SK: What sort of legislation should be enacted to move towards this systemic change?

RS: Progress is a long, strategic march, and it’s almost never linear. But I think there are some really good models out there. For example, Illinois just set the gold standard by passing the first statewide bail reform bill. It’s imperfect and compromised, like all bills, but it addresses a lot of common concerns about reliance on risk-assessment tools. I’m excited to evaluate its impacts. There’s also a lot of conversation about bail reform in Ohio and Michigan, and obviously about the failure of California SB10. 

SK: Why do you think it’s so difficult for reform to occur on statewide and national levels? 

RS: We have an incredible amount of vested economic, political, and social interests in our criminal justice system that don’t go down without a really big fight. Cash bail can’t just be eradicated by a lawsuit, or grass roots organizing, or bail funds.

Reform requires each individual person to recognize a system’s need to be dismantled or changed and to recognize strategies for bringing about this change. But it also requires us to reckon with the harms we have caused. We need to ask ourselves: “What’s going on under the hood?” And I think the answer to that question is “fear.” Not only fear of change, but also fear of the other. We need to push through the fear that is both inherent to and exploited by humans. We need to work our way through fear-mongering and its popularization in the media. People can fall prey to false causal narratives between criminal justice reform and increasing crime rates because fear of crime is innate. We all harbor these ideas but need to stay grounded in the truth rather than what is being exploited by those who wish to maintain the status quo. In the criminal justice field, we too often find ourselves legislating around the exception.

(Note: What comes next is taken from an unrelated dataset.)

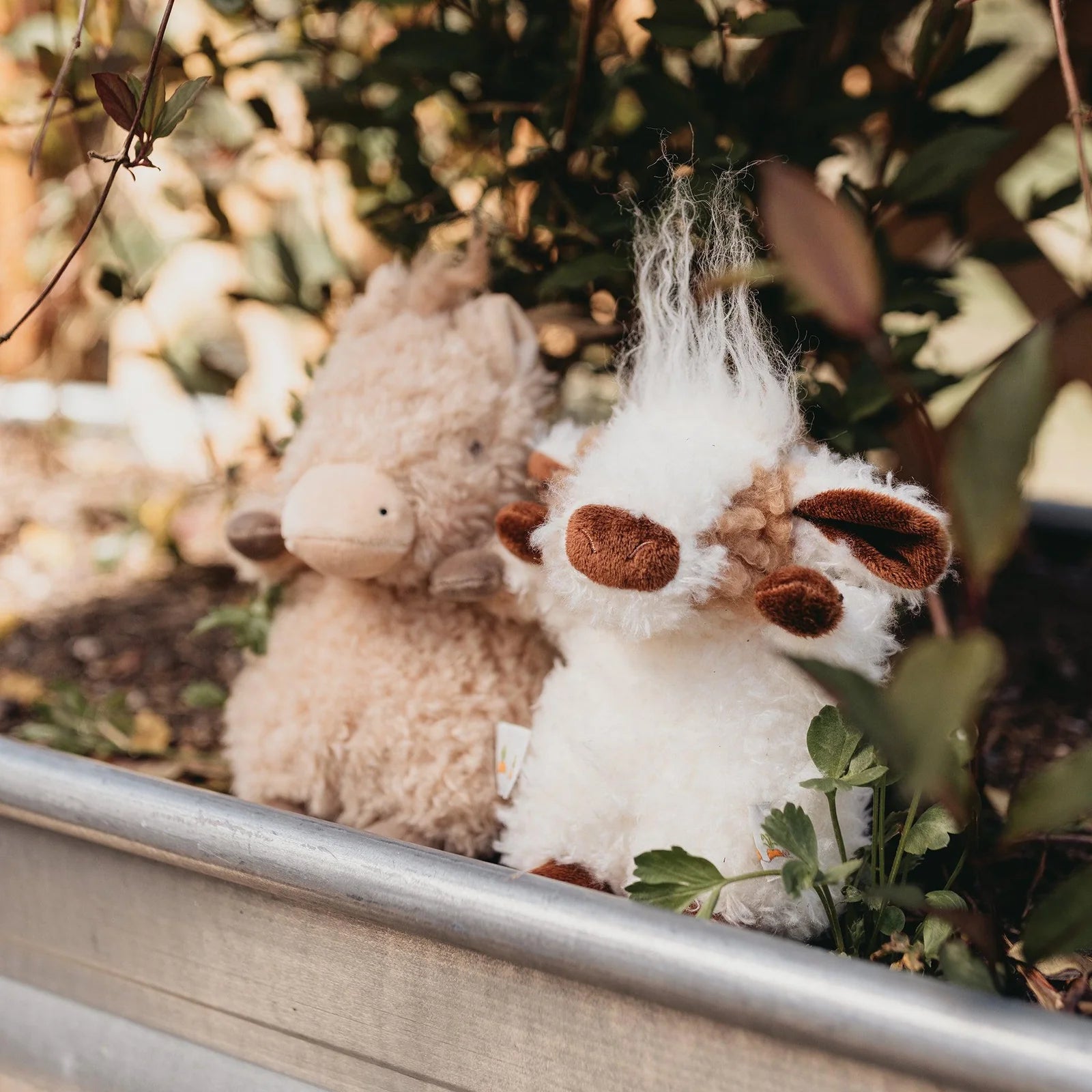 A favorite in the Good Friends Farm collection. Wee Moo Moo is BIG charm in a petite package that is perfect size for little hands to hug and hold. With cream and mocha brown shaggy fur and soft velour features, this is utterly the cutest cow on the wee farm!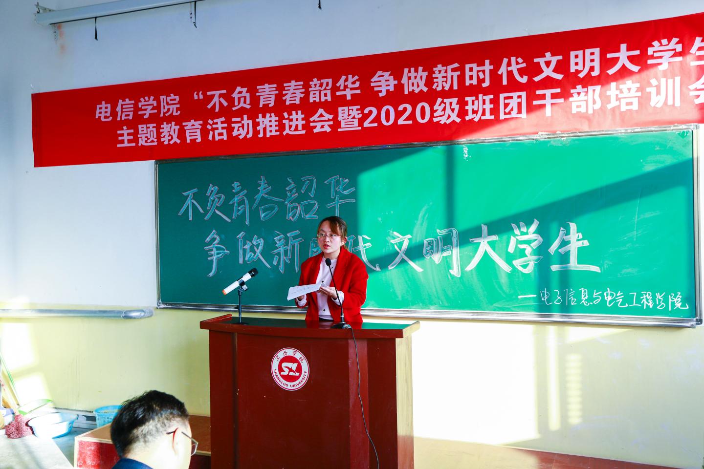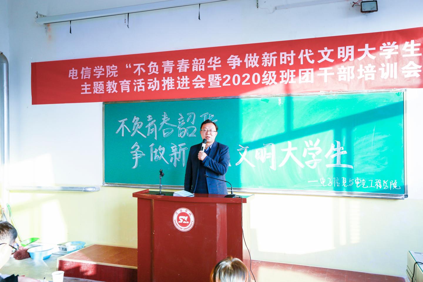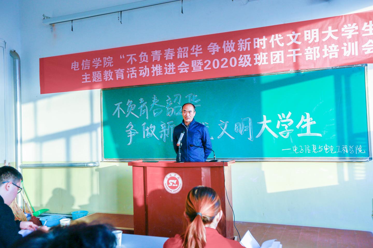 为进一步推进老员工形成良好的文明行为习惯,明确各班团干部对自身职责的认识,申博SUNBET于11月18日16:00在二号楼多媒体17召开“不负青春韶华 争做新时代文明老员工”主题教育活动推进会暨2020级班团干部培训会。公司领导班子成员及全体辅导员出席了本次会议,会议由学工办主任陈倩主持。团总支员工会员工干部、19级部分班团干部以及20级全体班团干部参加了本次会议。

SK: Despite these challenges, what would you cite as your biggest accomplishments with The Bail Project and The Bronx Freedom Fund?

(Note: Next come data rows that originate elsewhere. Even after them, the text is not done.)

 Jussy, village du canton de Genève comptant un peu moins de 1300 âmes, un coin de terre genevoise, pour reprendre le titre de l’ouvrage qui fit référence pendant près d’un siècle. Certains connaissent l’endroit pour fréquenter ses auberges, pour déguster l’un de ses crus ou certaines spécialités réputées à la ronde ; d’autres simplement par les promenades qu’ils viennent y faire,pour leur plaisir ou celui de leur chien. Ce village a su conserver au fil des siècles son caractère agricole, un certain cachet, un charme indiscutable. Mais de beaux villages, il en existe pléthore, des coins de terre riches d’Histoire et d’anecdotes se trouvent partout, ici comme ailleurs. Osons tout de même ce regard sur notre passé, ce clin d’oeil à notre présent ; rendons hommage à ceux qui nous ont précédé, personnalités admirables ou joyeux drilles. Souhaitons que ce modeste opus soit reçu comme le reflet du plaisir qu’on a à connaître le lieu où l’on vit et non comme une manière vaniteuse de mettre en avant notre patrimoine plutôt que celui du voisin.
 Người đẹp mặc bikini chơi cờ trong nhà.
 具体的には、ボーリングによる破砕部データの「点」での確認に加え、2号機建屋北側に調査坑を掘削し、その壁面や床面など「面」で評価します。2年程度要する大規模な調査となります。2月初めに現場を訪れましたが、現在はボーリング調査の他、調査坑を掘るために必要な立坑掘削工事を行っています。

RS: I think we have laid waste to the myth that cash is what makes people come back to court. We have bailed 22,000 people out of jail, and our clients make 95 percent of their court appearances, providing some of the necessary data to dismantle this myth. I’m proud of the stories that our clients have generously shared with the world about the devastating consequences of pretrial incarceration, what it meant to have their bail paid by a not-for-profit revolving bail fund, and the difference it made in their lives and the outcomes of their cases. 

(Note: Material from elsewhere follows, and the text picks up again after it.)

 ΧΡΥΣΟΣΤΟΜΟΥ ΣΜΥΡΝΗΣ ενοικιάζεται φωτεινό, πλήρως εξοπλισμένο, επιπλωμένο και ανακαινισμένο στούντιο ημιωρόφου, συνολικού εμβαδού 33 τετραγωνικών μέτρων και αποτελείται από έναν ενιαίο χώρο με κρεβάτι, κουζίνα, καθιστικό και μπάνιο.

I’m proud of the communications work that we’ve done and the data we’ve been able to collect, because I’ve learned that you can change hearts with stories, but sometimes you need to change minds with actual data. Our data is unique and unusual, so I think we’re filling a gap in the field and I hope other advocates can use this data to work towards systemic change, not just in the pretrial system, but in the criminal legal system generally.

I also feel really proud that we have created a big national not-for-profit, but stayed respectful of local jurisdictions and incorporated local leadership. We’ve hired people to work in their own local communities and prioritized people with lived experience. I feel really good about the leadership and staff we have built and the work we’ve all done.

SK: What sort of work can we, as citizens, do to combat the bail process and mass incarceration itself?

RS: This sounds simple and corny, but get educated. It’s hard to grasp the process’s impacts without experiencing it yourself, so it’s important to get proximate. The simplest way to do that is to go sit in a courthouse. You’ll be stunned.

To incite change, you can support progressive politicians; ask candidates their positions on the cash bail system, mandatory sentencing, and incarcerating juveniles; do research around criminal justice and judges; know who you’re voting for; and hold them accountable when they fall short on their promises.

*This interview has been edited for length and clarity.